Three of the affidavits, (Myers, Smith, Gonzales), which supported the appellant’s motion for new trial, were taken by one of appellant’s attorneys. This Court has frequently held that a motion alleging that something improper transpired within the jury room must be supported by affidavit of a juror, or some other person who was in position to know the facts, before it is sufficient as a pleading. Such an affidavit sworn to before one of appellant’s attorneys cannot be considered. Thus, these affidavits were not sufficient to support the motion for new trial, Stubbs v. State, 457 S.W.2d 563 (Tex.Cr.App.1970); Reno v. State, 403 S.W.2d 799 (Tex.Cr.App.1966). However, the fourth affidavit, which was sworn to by juror Timón before a notary public other than one of appellant’s attorneys, was sufficient to support the motion [274]*274for new trial hearing, even though it only stated that appellant “had a bad criminal record” and this had been discussed by the jury. The affidavit did not, however, refer to any statements that appellant had killed someone or should be put away.
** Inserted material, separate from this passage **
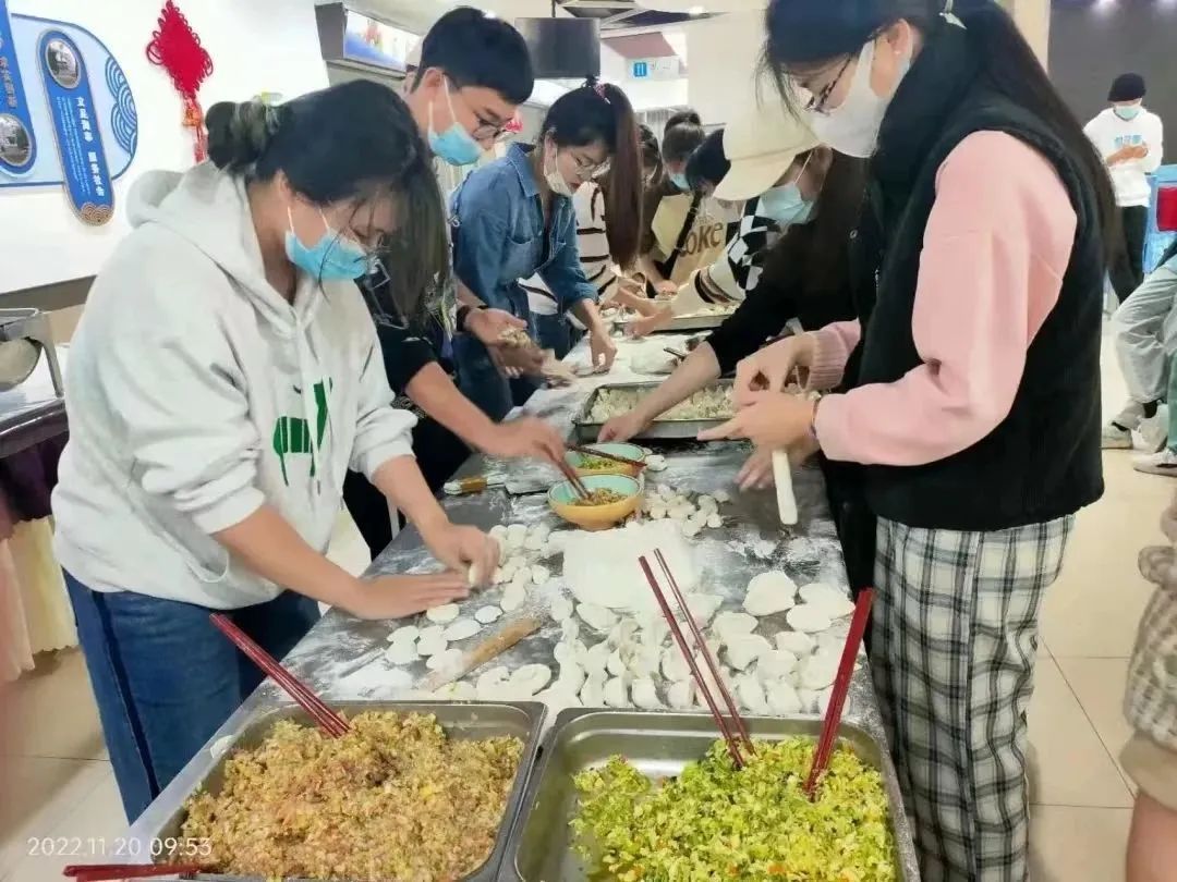 饺子作为中国传统美食和年味的象征,寓意团聚合欢,吉祥如意。在寒冷的冬天,在封闭的校园,吃上一碗自己包的热气腾腾的饺子,温暖的不止身体,还有心灵。原本不熟悉的同学们齐聚一堂,分工合作,欢声笑语中,一个个可爱的饺子诞生。饺子包住的不仅是馅儿,也包住了惊喜和情谊。
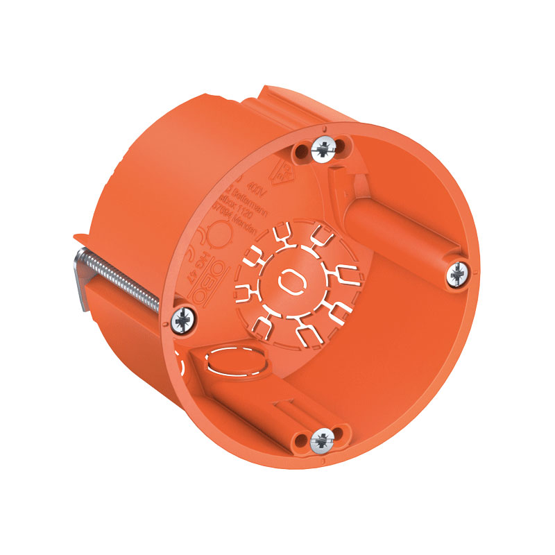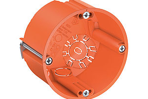 A formula that should also be noted for the OBO flush-mounted boxes is “4x3”. Four screw domes arranged around the OBO flush-mounted boxes, each with three holes, ensure precise alignment and exact fastening of the device each and every time – even if plastering has not been entirely successful.

In order to mandate a new trial under Art. 40.03, Sec. 7, supra, it must be shown that (1) “other testimony” or “other evidence” was actually received by the jury, and (2) that such evidence was detrimental to the appellant. Alexander v. State, 610 S.W.2d 750 (Tex.Cr.App.1980); Hunt v. State, 603 S.W.2d 865 (Tex.Cr.App.1980); Trevino v. State, 582 S.W.2d 111 (Tex.Cr.App.1979); Stephenson v. State, 571 S.W.2d 174 (Tex.Cr.App.1978); Rogers v. State, 551 S.W.2d 369 (Tex.Cr.App.1977). When the “other evidence” is discussion of the effect of the parole laws, such is detrimental only if it either contains a misstatement of the law of parole or is relied upon by a juror such that he agrees to a longer sentence as punishment, but not otherwise. Heredia v. State, 528 S.W.2d 847 (Tex.Cr.App.1975). Also see, Sweed v. State, 538 S.W.2d 119 (Tex.Cr.App.1976). But aside from the “parole law” situations, the effect of the “other evidence” on the jury or the question of injury to the appellant is not to be considered. The controlling factor in deciding whether a new trial is required is the character of the evidence, in light of the issues before the jury, not the effect of such evidence on the jurors. Alexander v. State, supra; Hunt v. State, supra; Trevino v. State, supra; Stephenson v. State, supra; Rogers v. State, supra. For a distinction and discussion of both Secs. 7 and 8 of Art. 40.03, V.A.C.C.P., see Heredia v. State, supra. We decide this cause pursuant to Sec. 7, supra.4

In Cooper v. State, 109 Tex.Cr. 650, 7 S.W.2d 85 (1928), Judge Christian, who wrote the Court’s opinion, in discussing the above statute’s predecessor, which wording is identical to our present statute, said:

* * * * * ⅜

Information given by one of the jurors to others is new and other testimony within the meaning of the statute. Holland v. State, 107 Tex.Cr.R. 582, 298 S.W. 898, and authorities cited. Where, after retirement, the jury receive other evidence damaging to appellant, the presumption of injury will obtain. Holland v. State, supra; Brown v. State, 101 Tex.Cr.R. 639, 276 S.W. 929. The statement made by the juror as to appellant’s reputation was of such material character as to create the presumption that it resulted in injury to appellant. Such statement was shown to be new and other testimony. It is true that matters of the character under consideration are largely within the discretion of the trial court, and that, when he hears evidence which is more or less conflicting as to what occurred, his judgment will not be disturbed on appeal in the absence of an abuse of the discretion which the law vests in him. Gutierrez v. State, 100 Tex.Cr.R. 364, 272 S.W. 780.